Mahoney replied that she was not handpicking but would have expected more of a response to the returned permit. ZBA member Betsy Dunn put the issue to bed with a curt “He says the building permit was returned to him, so he did.”

This brought the board to the crux of the issue: the determination of either abandonment or non-use for two years. The zoning bylaw says abandonment or non-use of a two-family for two years or more shall lose its protected status. In her memo to the board dated January 18, Carboni noted that the two concepts are not interchangeable and that the board may find a nonconforming use to be “extinguished by either abandonment or by non-use, or by both.”

Hills defended Shippey’s denial of the permit based on his conclusion of the loss of the non-conforming use, saying the Town relies on Shippey’s knowledge. “Scott knows the building code. He’s the expert.”

Wollenhaupt said he didn’t see abandonment of the use at all, adding “But I possibly see non-use.”

Leblanc asked if non-use is applicable if the structure is uninhabitable.

Carboni responded, “I think you’ve hit the hard part of the case – the issue of non-use is difficult. The court has said that the mere vacancy of a dwelling does not in and of itself determine non-use…. This does give the board some room because the concept of non-use is not well defined.”

If the board suggests the dwelling was uninhabitable, it can take that into consideration.

With a bit of exasperation, Leblanc asked the board what they were looking for, saying, “We are bouncing the ball back and forth – we are looking to overturn or uphold…” the decision.

Mahoney suggested the board continue the hearing so that they may “think.”

The board has 90 days after closing the hearing to issue a decision.

At one point, a neighbor rose to speak in favor of closing the public hearing and a positive vote for Loranger.

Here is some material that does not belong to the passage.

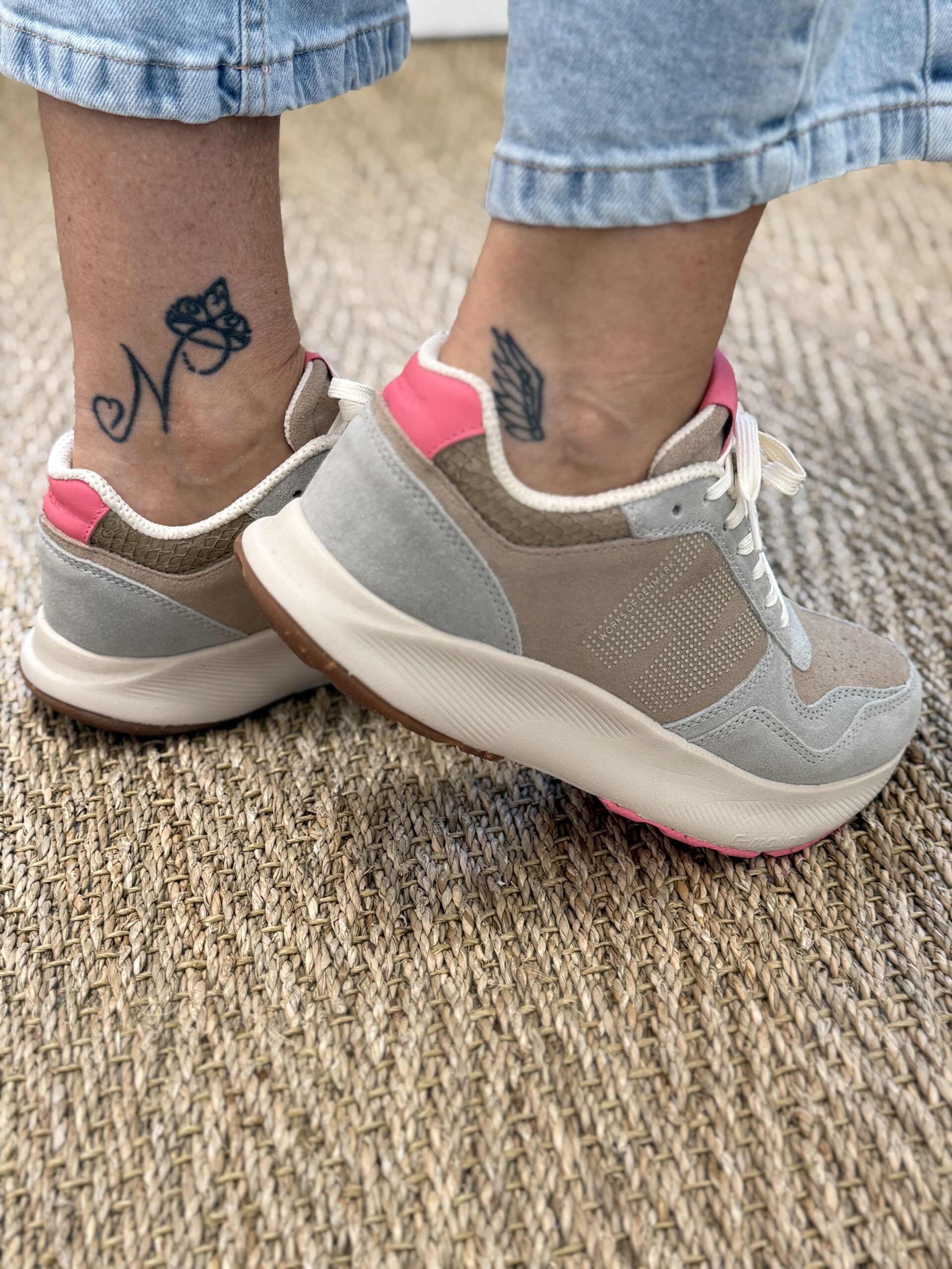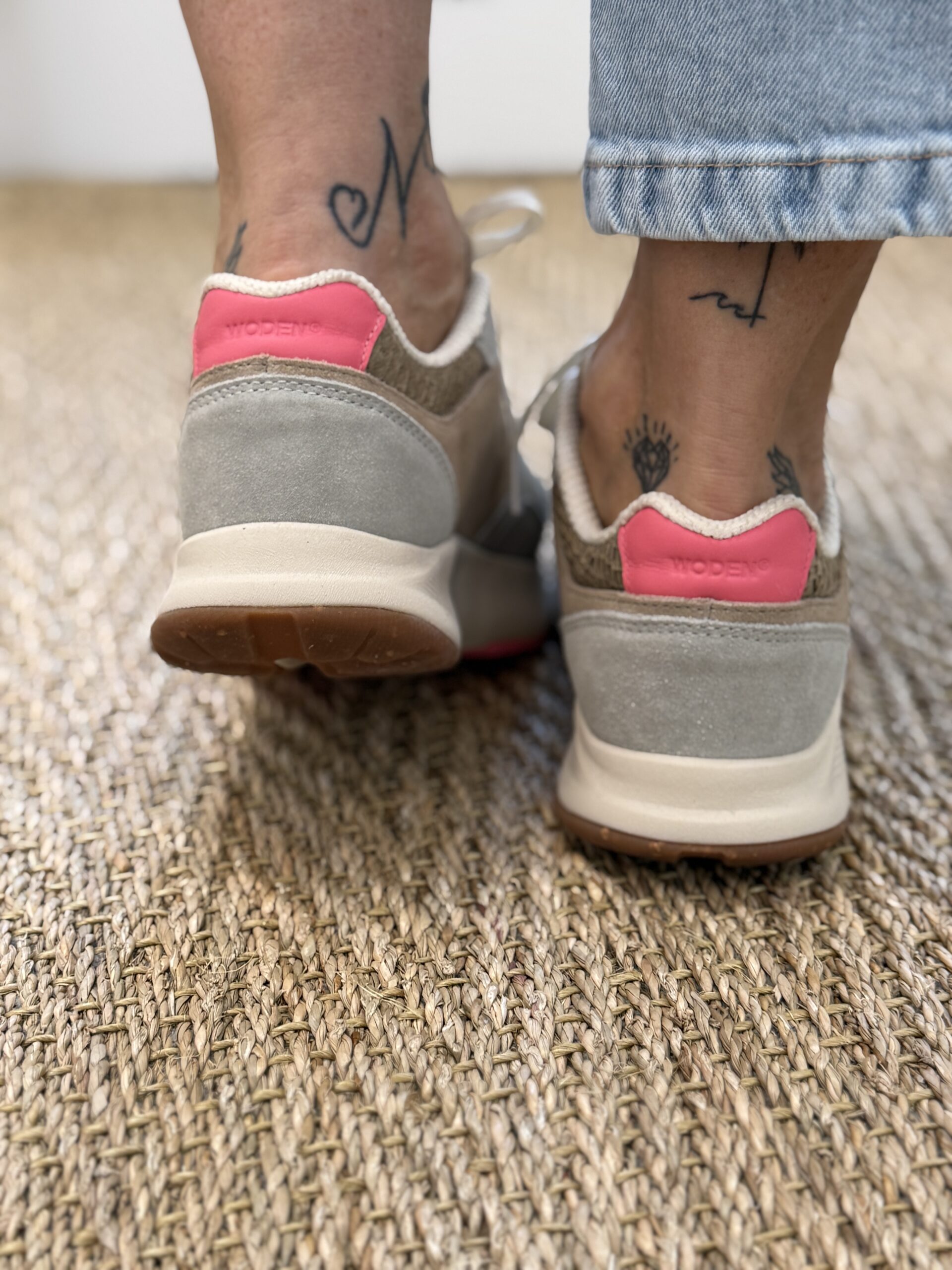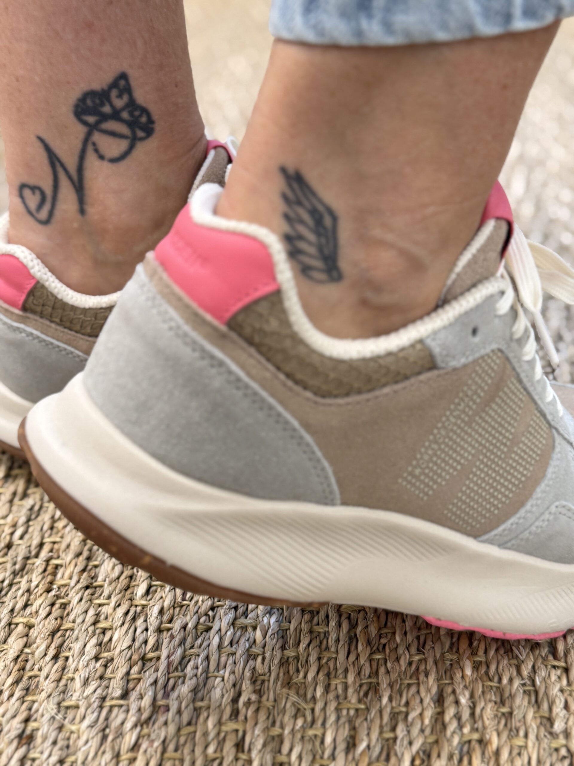 La basket « Mathilde » Runner allie un design sportif à des lignes épurées et à des matériaux éco-responsables. Son empeigne associe du daim certifié et du cuir de poisson recyclé, créant un style moderne à la texture subtile. Sa semelle légère assure un confort optimal tout au long de la journée
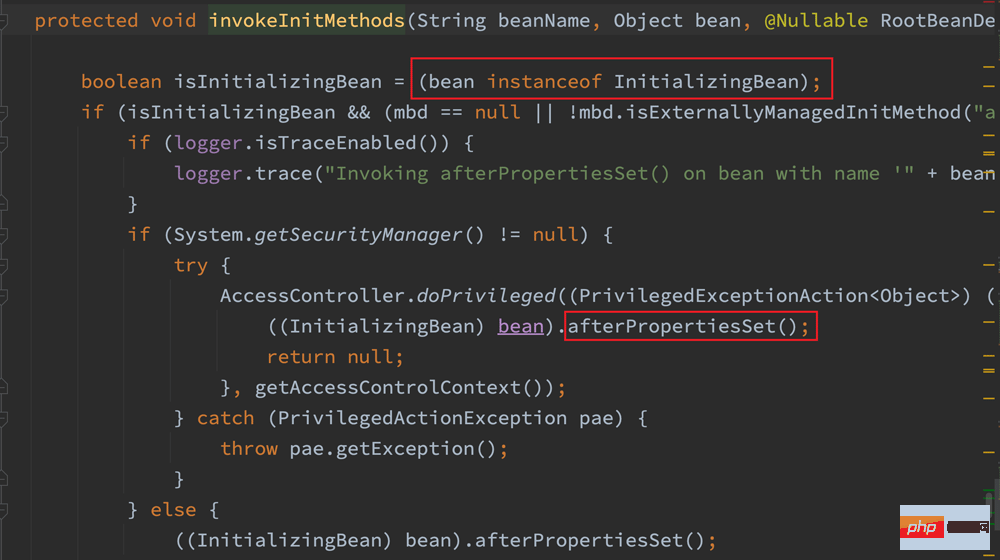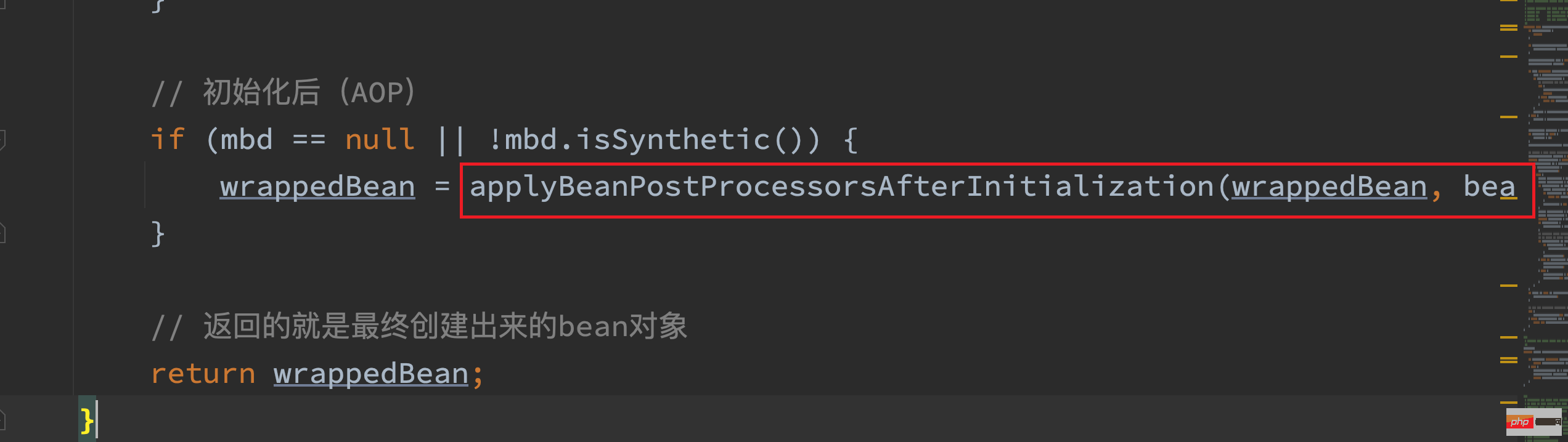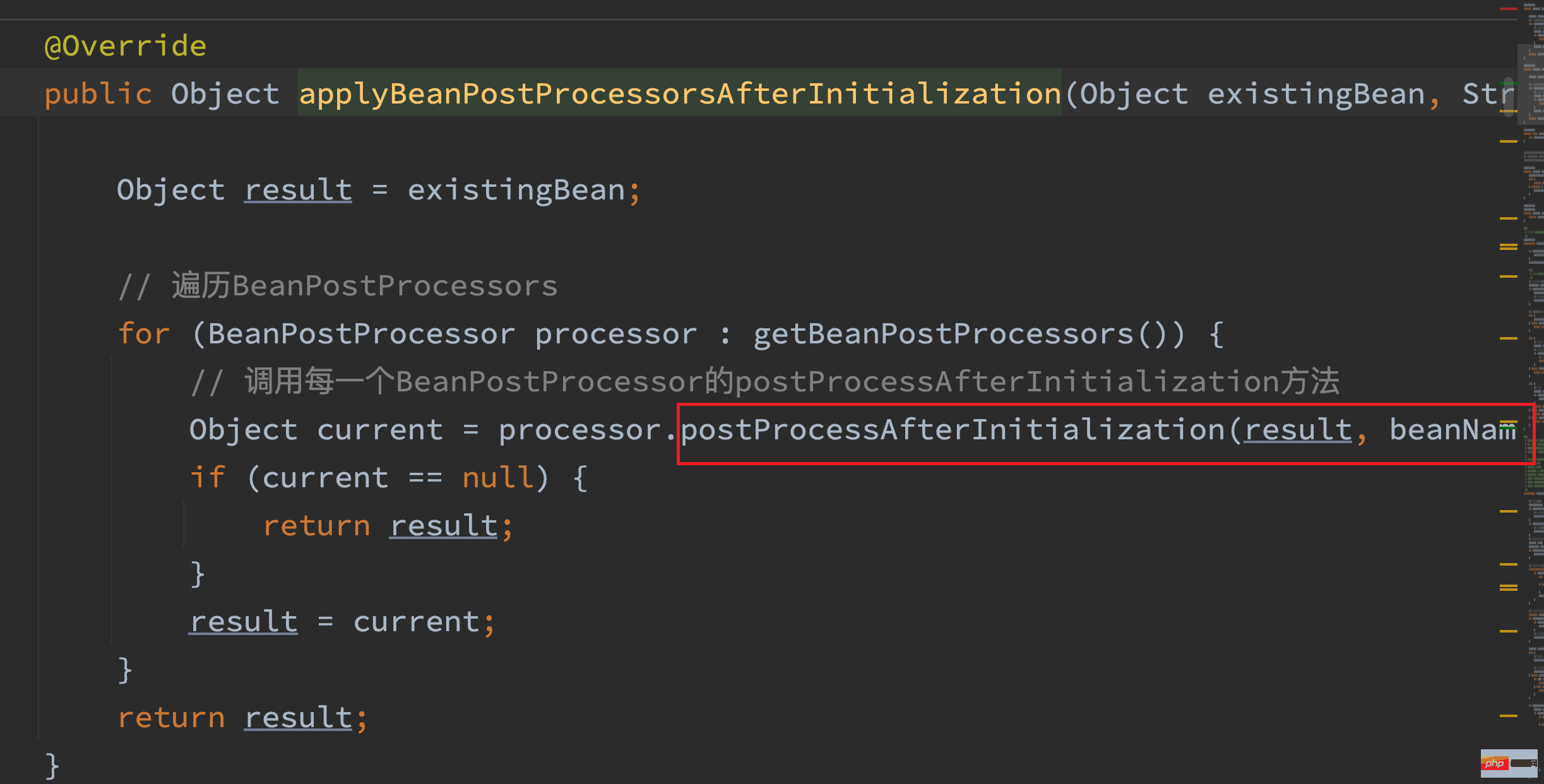 @Componentpublic class ZhouyuBeanPostProcessor implements BeanPostProcessor { @Override public Object postProcessAfterInitialization(Object bean, String beanName) throws BeansException { if ("userService".equals(beanName)) { System.out.println("初始化后"); } return bean; }}登录后复制可以在这个步骤中,对Bean进行最终处理,Spring中的AOP就是基于初始化后实现的,初始化后返回的对象才是最终的Bean对象。

Sandria Parsons, 24 South Street, urged the board to take some time this evening to deliberate and assess the information. “It’s only 8:40 pm. Can you take twenty minutes to look over your notes to make a decision for this man to build his home? I’m eager for a home for the Loranger family.… It’s hard for me to believe there’s more to say. I kinda think this man has given you all you asked for in the last three meetings.”

Parsons argued that Loranger wants to build a home with a mother-in-law apartment, “…Not a second apartment to rent.” Shippey said Loranger can, by right, build a single-family home on the lot and apply for an accessory apartment for family members.

Mahoney reiterated that the board should continue the hearing, seeing no disadvantage of continuing since they were not going to decide the issue this evening. The public hearing for 120 Front Street was continued to March 15. Leblanc said the board should put it to bed at that meeting.

            The next meeting of the Marion Zoning Board of Appeals is scheduled for March 15 at 7:30 pm at the Marion Town House.